As described above, the method of manufacturing the photovoltaic panel 1 includes the steps of sandwiching the honeycomb core 5 with the first skin material 2 and the second skin material 3 via the adhesive sheet 4 to form the laminate 15, and in the laminate 15 Discharging the air and pressing and heating from the outside while maintaining the reduced pressure state to form the honeycomb sandwich structure 6, and mounting the plurality of solar cells 8 on the first skin material 2; The step of arranging the plurality of thermoelectric conversion elements 10 on the side of the second skin material 3 with the air gap 11 dispersed and disposed, and in contact with the second skin material 3 of the plurality of thermoelectric conversion elements 10 on the opposite surface The solar cell panel 1 can be manufactured by a simple process by providing the step of providing the heat sink 9 to the above.
Embodiment 5

  Next, a method of manufacturing a solar panel according to the fifth embodiment will be described with reference to FIGS. 11 and 12. The steps other than the step of dispersing and arranging the thermoelectric conversion elements 10 in the flat heat dissipation plate 91 and the uneven heat dissipation plate 92 are the same as in the method of manufacturing the solar power generation panel shown in the fourth embodiment and thus will be omitted.

  First, after the air in the laminated body 15 in which the honeycomb core 5 is sandwiched between the first skin material 2 and the second skin material 3 is discharged through the adhesive sheet 4 to reduce pressure, heating is performed under pressure from the outside. , And the honeycomb sandwich structure 6 are formed.

  Next, the uneven heat-radiating plate 92 in which the plurality of thermoelectric conversion elements 10 are dispersed and disposed is manufactured. As shown in FIG. 11, using a pair of molds 17 having a rectangular shape on one side, a prepreg laminate 90 for an uneven heat-radiating plate in which a plurality of prepregs are laminated is sandwiched.

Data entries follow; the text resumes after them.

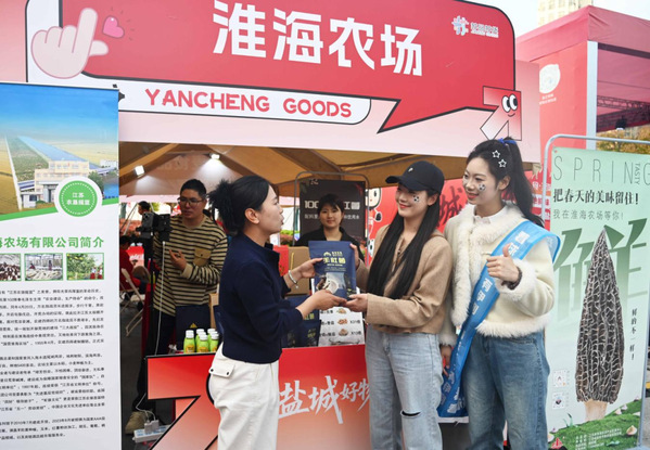 “蘇超”鹽城主場賽場外,淮海農場“墾一代”特色農產品亮相專屬展銷區,實現體育激情與農場產品的雙向賦能。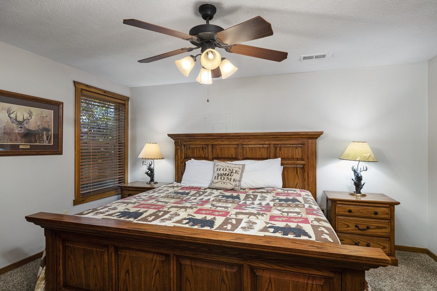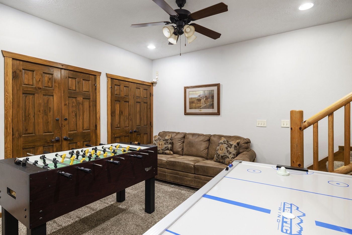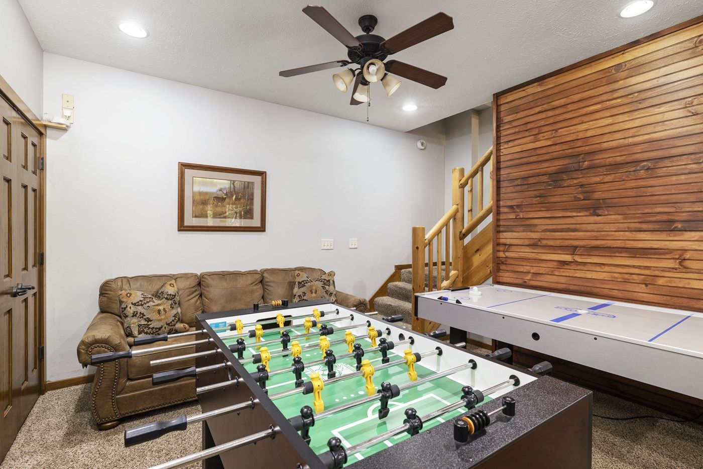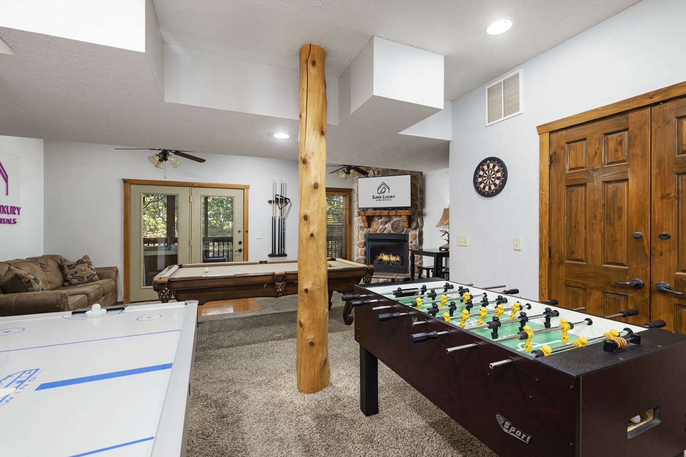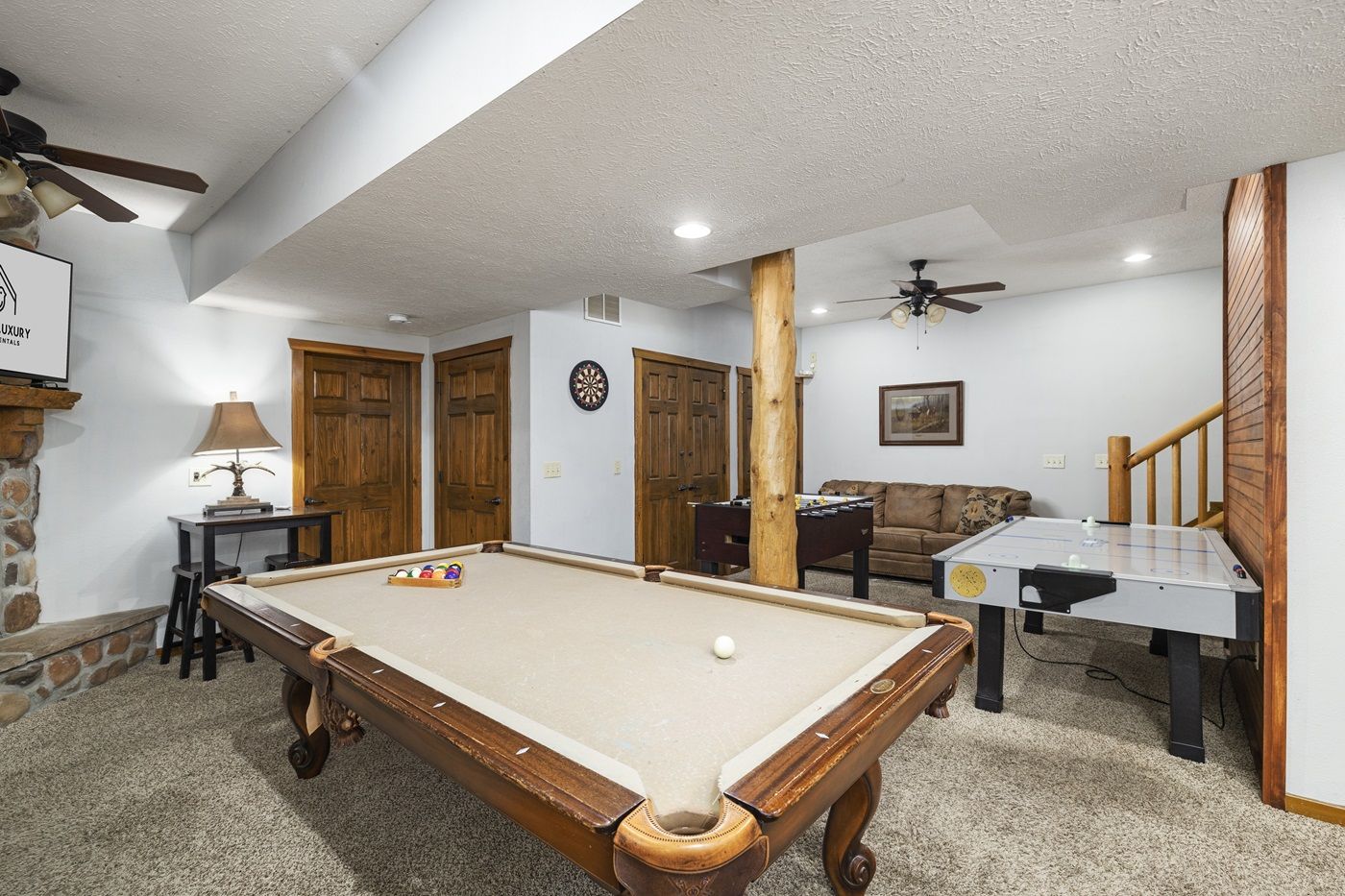 The main level of this gem of a home has two primary suites with King size beds, large TVs, and en-suite jetted bathtubs. Upstairs, you will find two more suites also with King size beds, large TVs, and en-suite jetted bathtubs, but these rooms also include a bonus sofa bed. The downstairs Game Room was designed for entertainment and is a great place to hang out, catch a game on TV, soak in the fire, or try your hand at a one of the many games. This fun-filled space includes a pool table, air hockey, foosball, darts, board games, TV, and two sofa beds. Kids will love hosting slumber parties in the adjacent bunk room which includes 4 Full size beds. The downstairs is also home to a suite with a King size bed with it’s own en-suite bathroom. Best of all the game area boasts a gorgeous stone fireplace, making it the perfect spot for a winter getaway with your loved ones.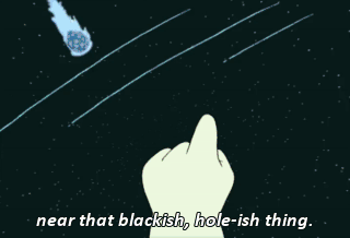 near that blackish, hole-ish thing. Hey, Leela, why'd you run off from dinner? I didn't run off. I had plenty of time to finish eating and stroll away while you were kissing Amy.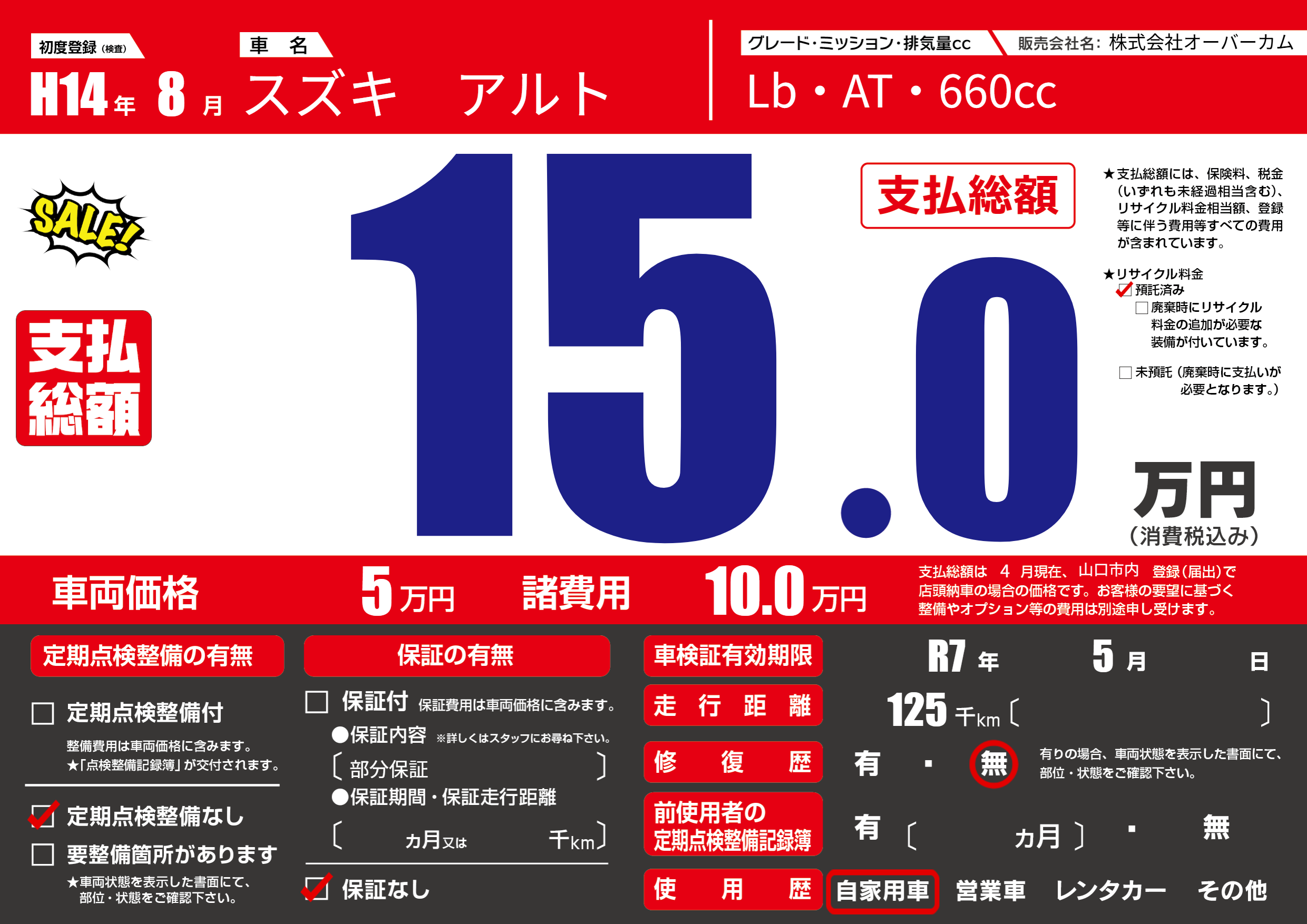 | 走行キロ | 12.5万km | 初年度登録 | H14年8月 |

  Thereafter, as shown in FIG. 12, the whole of the concavo-convex heat sink prepreg laminate 90 is covered with the bagging film 13 and sealed with the sealing material 14. After sealing with the seal member 14, by operating a pump (not shown), the internal air covered with the bagging film 13 is discharged to be in a reduced pressure state. Then, the heat dissipating plate 92 is obtained by being installed in an autoclave while maintaining the reduced pressure state, and pressurizing and heating from the outside of the bagging film 13.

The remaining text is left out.